I’d bet everything I have that when she’s done with this position, she ignores academia and runs straight back to pharma.
From what other background would you draw qualified people? Serious question. If you make a rule for all top scientists that any involvement with corporations means they can never work in government, then all the top people will shrug their shoulders and . . . . never work in government. How would that improve things?
Like everyone in academia? You know how many MD PHd’s are not only developing the basis for new drugs, but running the controlled studies? There’s a lot of people who are a hell of a lot more qualified for this than corporate pharmacy execs. This is akin to having Boeing do their own regulation, and we all know how that worked out.
The person you were just complaining about had a background in academia as well. Academia doesn’t have a ton of high paying secure gigs for top people. The bright ones who want to retire with a good nest egg and stuff usually end up taking stints in the corporate world.
To re-iterate, a “no corporate background people in government” rule is functionally equivalent to a “no top people in government” rule.
Most of them are doing those studies after getting a grant from the pharmaceutical company.
Industry support is a major plus on an academic CV. I remember watching a lecture from a prominent researcher that started with something along the lines of, “I have no conflicts of interest to disclose today. Unfortunately. Hopefully soon I will, though!”
No.
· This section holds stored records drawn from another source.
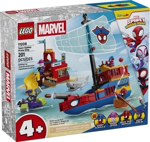Set sail on a Spidey pirate adventure! Help Spidey steer the pirate ship, fire the cannon, and stop Green Goblin from stealing treasure. Ghost-Spider guards the island with her shooter and water blaster, while Spin patrols the sea in his tub. After a busy day of pirate action, the whole team gathers on the top deck for a hot dog and a drink! Join Spidey’s crew for web-swinging, sea-splashing fun!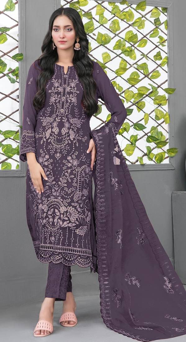 • Kameez : Color- Dark Lavender • Dupatta : Color- Dark Lavender / Fabric- Faux Georgette • Bottom : Color- Dark Lavender / Fabric- Santoon Kameez Details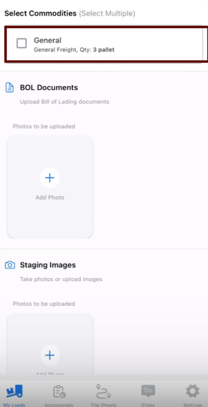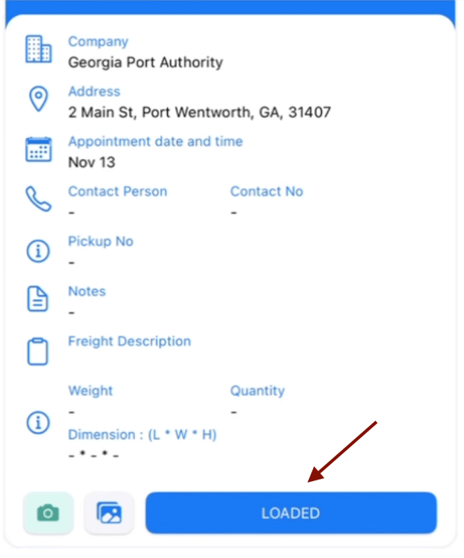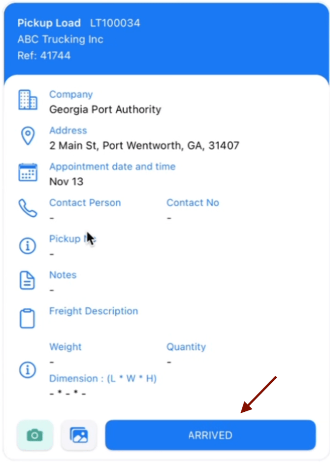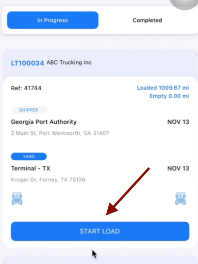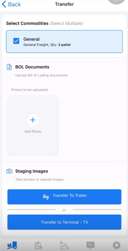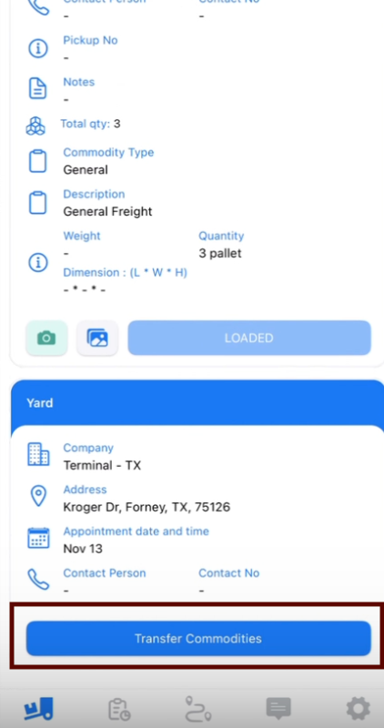 At the yard, the driver will see Transfer Commodity instead of Arrived/Unloaded.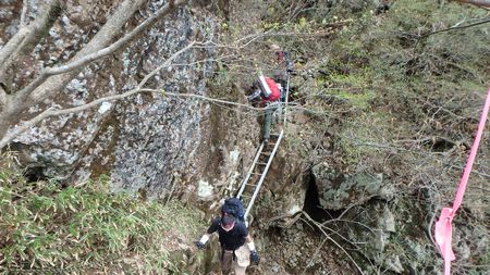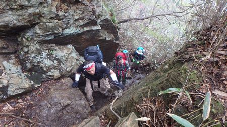 | ▼祖母山山頂直下の岩場&ハシゴ場が縦走路の核心部です。 一人ずつ3点確保で通過しましょう。 |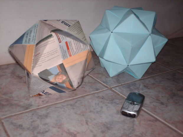 hacer un octaedro estrellado, un icosaedro estrellado o un simple cubo utilizando papel único.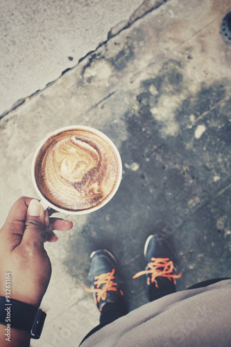 aroma, art, breakfast, brown, cafes, caffeine, cappuccino, hot drink, cream, cup, drink, espresso, foot, foam, food, hot, italian, latte, lifestyle, love, milk, romantic, selfie, shoe, sneaker, style, vintage, mocha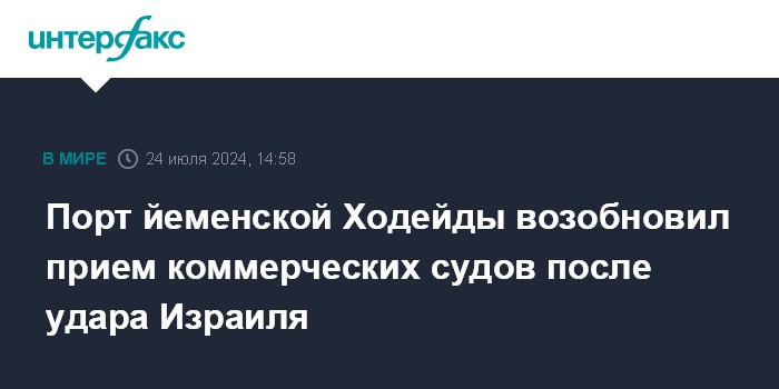 Порт йеменской Ходейды возобновил прием коммерческих судов после удара Израиля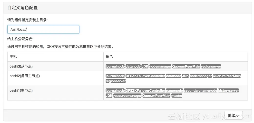 4ã自定义安装模式则可以自主的进行角色配置,通过对主机性能的检测DKhadoop会按照主机性能推荐相应的分配设置。

Past association with pharmaceutical companies does not mean there is a conflict of interest any time any drug is under consideration. That’s as ridiculous as saying that a Harvard graduate has a COI when reviewing an application from any Harvard professor.
Typically a COI means a drug you specifically worked on is involved. In this case there was only one person with a potential conflict of interest, and he was recused.
I think there’s so much money involved here it’s pretty obvious.
When was the last time 3 FDA members resigned out of protest over a potentially useless drug being approved that will cost the country billions?
Never.
That’s not what I’m saying at all. What I’m saying is it’s an issue this time. Tom Wheeler was an broadband industry rep before heading to the FCC. He used his knowledge from that to try and pass measures that were beneficial to the American people. This in its worst form will could cripple the healthcare industry and opens the pathway to no drug company needing to prove their drug makes marked clinical differences in their patients.
Then let me ask you a question. What’s wrong with Biogen doing another study before getting broader approval? If we’re going to be fair, then there’s 3 other drug companies who had similar or greater plaque reductions who are equally eligible to release their drugs on the market as well.
Mark my words there will be a huge uproar when insurance companies deny covering this that will put immense pressure on the system.
Because the FDA believes that reducing amyloid, all by itself, is likely to be helpful to patients. They are not alone in this belief, though obviously not everyone agrees with them.
And if that’s what they believe, then another study will unnecessarily delay benefit to a rapidly graying population.
If this were true, then why has every other study done by drug companies that reduce amyloid not shown improvement in the quality of life in their patients? Why has every other drug been shut down that does the exact same thing?
This is trump era FDA legislation being used to push this out. While you underhandedly call me a conspiracist theorist, you’ve dismissed every single individual who’s brought legitimate arguments that also say this should never have been approved including a brilliant neuro-oncologist.
I want Alzheimer’s patients to have the best chance possible to extend their lives and retain precious memories and function. But we’re talking about breaking the healthcare system and selling false hopes. This is NOT the way to do this. If people want to contribute their minds to try the drug and continue the study that’s wonderful. But that should be on Biogen to support not everyone else.